What you are asked to do
Each word in the data below should be copied exactly; the images should not.

Raw data
--- --- ---

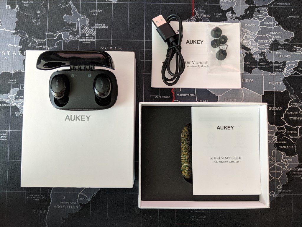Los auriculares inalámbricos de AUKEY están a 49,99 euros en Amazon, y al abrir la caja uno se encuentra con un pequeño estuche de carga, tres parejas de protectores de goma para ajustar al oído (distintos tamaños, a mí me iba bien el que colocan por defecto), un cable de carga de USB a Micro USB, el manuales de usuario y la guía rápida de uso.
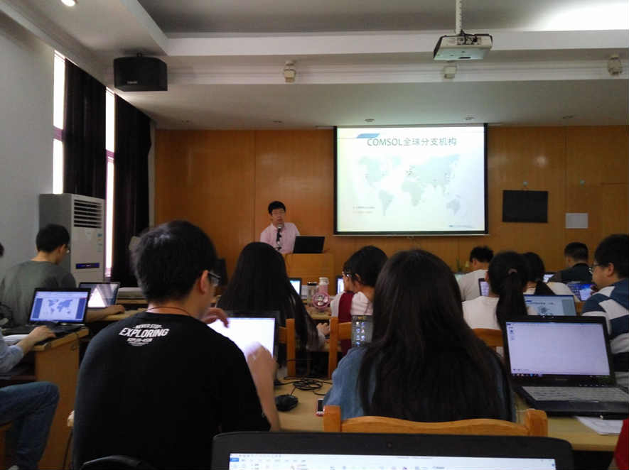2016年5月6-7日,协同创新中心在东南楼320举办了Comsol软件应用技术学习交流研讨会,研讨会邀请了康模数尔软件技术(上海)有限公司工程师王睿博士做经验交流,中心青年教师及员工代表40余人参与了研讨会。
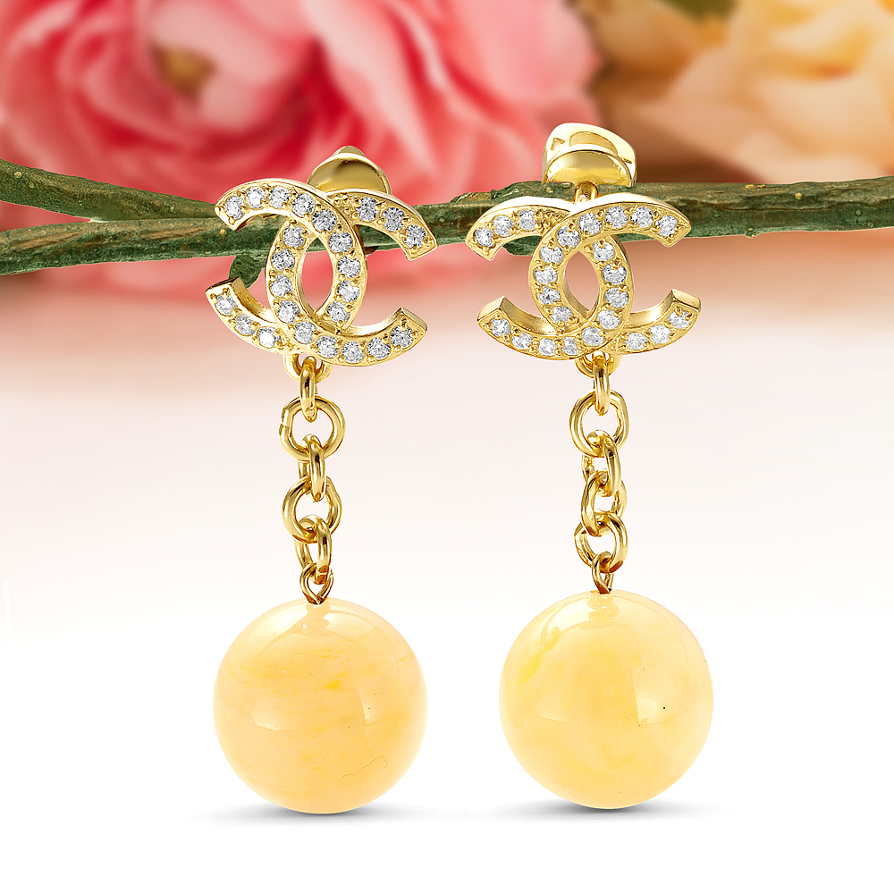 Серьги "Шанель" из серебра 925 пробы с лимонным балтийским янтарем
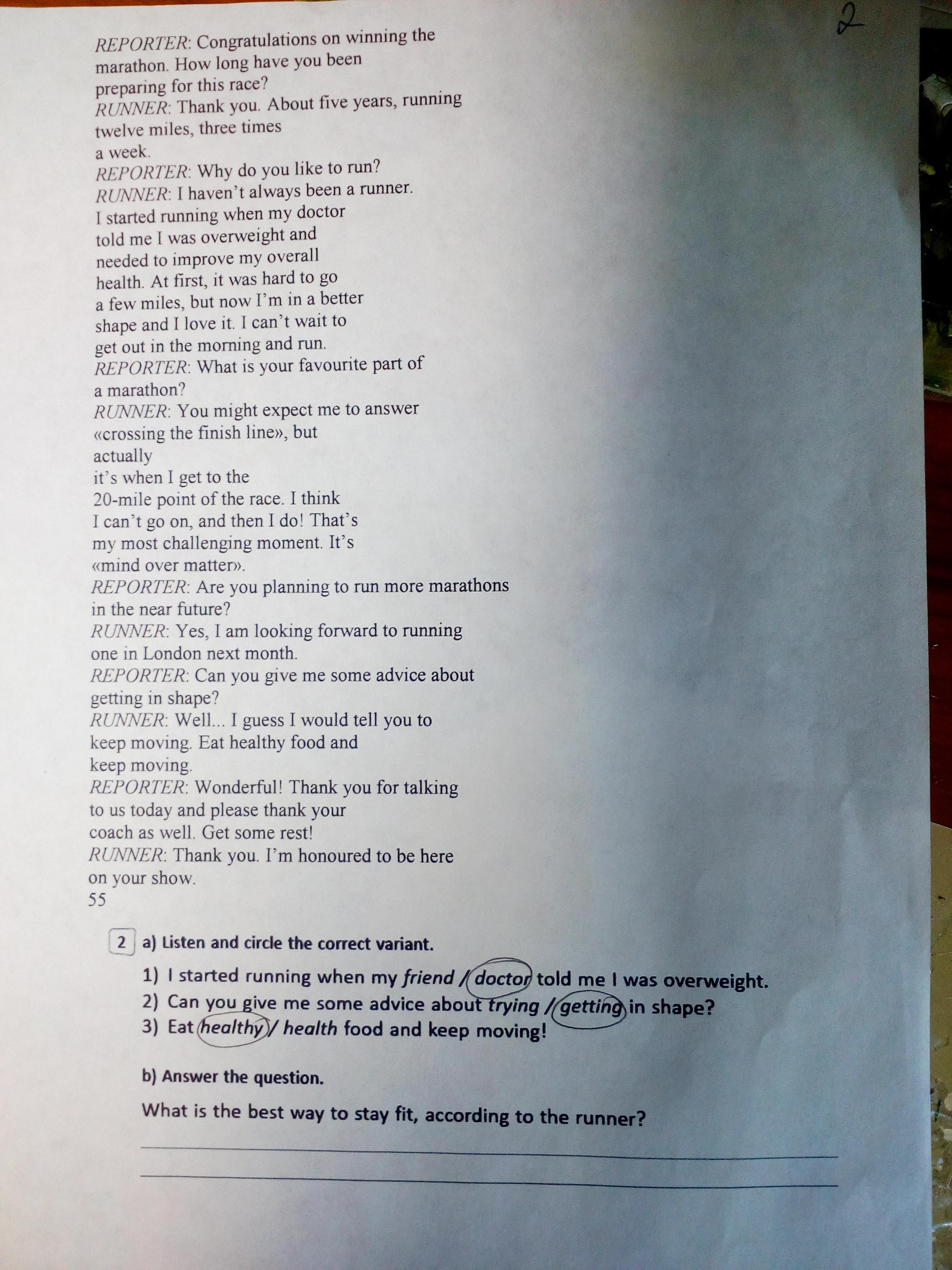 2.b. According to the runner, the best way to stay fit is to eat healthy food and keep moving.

--- --- ---

Solution for this problem
Los auriculares inalámbricos de AUKEY están a 49,99 euros en Amazon, y al abrir la caja uno se encuentra con un pequeño estuche de carga, tres parejas de protectores de goma para ajustar al oído (distintos tamaños, a mí me iba bien el que colocan por defecto), un cable de carga de USB a Micro USB, el manuales de usuario y la guía rápida de uso.
2016年5月6-7日,协同创新中心在东南楼320举办了Comsol软件应用技术学习交流研讨会,研讨会邀请了康模数尔软件技术(上海)有限公司工程师王睿博士做经验交流,中心青年教师及员工代表40余人参与了研讨会。
 Серьги "Шанель" из серебра 925 пробы с лимонным балтийским янтарем
 2.b. According to the runner, the best way to stay fit is to eat healthy food and keep moving.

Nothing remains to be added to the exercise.